This geometric description allows us to further shed light on the structure of the smooth manifolds used here. For radius up to 1, the dimension of the manifolds with intrinsic 2d variations (e.g., created by vertical and horizontal translation) is just the sum of the dimensions of the two corresponding 1d manifolds with the same maximal object displacement (Supplementary Fig. 8a); only for larger radii, dimensions for 2d manifolds are superadditive. On the other hand, for all levels of stimulus variability the radius of 2d manifolds is about the same as the value of the corresponding 1d manifolds (Supplementary Fig. 8b). This highlights the nonlinear structure of those larger manifolds, where the effect of changing multiple manifold coordinates is no longer predicted from the effect of changing each coordinate separately.

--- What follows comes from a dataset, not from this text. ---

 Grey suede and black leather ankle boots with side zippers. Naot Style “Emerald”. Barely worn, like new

Network layers reduce correlations between object centers
Manifold geometry considered above characterizes the variability in object manifolds’ shape but not the possible relations between them. Here we focus on the correlations between the centers of different manifolds (hereafter: center correlations), which may create clusters of manifolds in the representation state space. Though clustering may be beneficial for specific target classifications, our theory predicts that the overall effect of such manifold clustering on random binary classification is detrimental. Hence, these correlations reduce classification capacity (Supplementary Note 3.1). Thus, the amount of center correlations at each layer of a deep network is a computationallyrelevant feature of the underlying manifold representation.

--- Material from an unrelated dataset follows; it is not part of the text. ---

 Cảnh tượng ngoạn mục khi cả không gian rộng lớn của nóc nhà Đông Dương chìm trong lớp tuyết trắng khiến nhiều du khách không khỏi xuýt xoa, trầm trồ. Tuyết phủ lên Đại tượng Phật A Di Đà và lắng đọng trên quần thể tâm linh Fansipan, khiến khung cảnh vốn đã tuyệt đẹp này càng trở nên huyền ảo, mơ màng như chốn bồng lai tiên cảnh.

Importantly, for both pointcloud and smooth manifolds we find that in an AlexNet network trained for object classification, center correlations decrease along the deep hierarchy (full lines in Fig. 7a, b; additional VGG16, ResNet50 results in Supplementary Fig. 9). This decrease is interpreted as incremental improvement of the neural code for objects, and supports the improved capacity (Figs. 4–5). In contrast, center correlations at the same network architectures but prior to training (dashed lines in Fig. 7a, b) do not decrease (except for the affine manifolds in the first convolutional layer, Fig. 7b). Thus this decorrelation of manifold centers is a result of the network training. Interestingly, the center correlations of shuffled manifolds exhibit lower levels of correlations, which remain constant across layers after an initial decrease at the first convolutional layer.
Another source of intermanifold correlations are correlations between the axes of variation of different manifolds; those also decrease along the network hierarchies (Supplementary Fig. 9) but their effect on classification capacity is small (as verified by using surrogate data, Supplementary Fig. 10).

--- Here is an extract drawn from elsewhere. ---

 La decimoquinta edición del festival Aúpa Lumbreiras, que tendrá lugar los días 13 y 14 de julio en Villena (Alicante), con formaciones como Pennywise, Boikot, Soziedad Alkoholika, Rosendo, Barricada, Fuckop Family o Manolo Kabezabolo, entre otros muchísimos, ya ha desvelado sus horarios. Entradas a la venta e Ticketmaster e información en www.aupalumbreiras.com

Effect of network building blocks on manifolds’ geometry
To better understand the enhanced capacity exhibited by DCNNs we study the roles of the different network building blocks. Based on our theory, any operation applied to a neural representation may change capacity by either changing the manifolds’ dimensions, radii, or the intermanifold correlations (where a reduction of these measures is expected to increase capacity).
Figure 8a, b shows the effect of single operations used in AlexNet and VGG16. We find that the ReLU nonlinearity usually reduces center correlations and manifolds’ radii, but increases manifolds’ dimensions (Fig. 8a). This is expected as the nonlinearity tends to generate a sparse, higher dimensional, representations^{50,51}. In contrast, pooling decreases manifolds’ radii and dimensions but usually increase correlations (Fig. 8b), presumably due to the underlying spatial averaging. Such clear behavior is not evident when considering convolutional or fully connected operations in isolation (Supplementary Fig. 11).
In contrast to single operations, we find that the networks’ computational building blocks perform consistent transformation on manifold properties (Fig. 8c, d). The initial building blocks consist of sequences of convolution, ReLU operation followed by pooling, which consistently act to decrease correlations and tend to decrease both manifolds’ radii and dimensions (Fig. 8c). On the other hand, the final building block, a fully connected operation followed by ReLU, decreases manifolds’ radii and dimensions, but may increase correlations (Fig. 8d), similarly to the maxpooling operation (Fig. 8b). Furthermore, as composite building blocks show more consistent behavior than individual operations, we understand why DCNNs with randomly initialized weights do not improve manifold properties. Only by appropriately trained weights, the combination of operations with often opposing effects yields a net improvement in manifold properties.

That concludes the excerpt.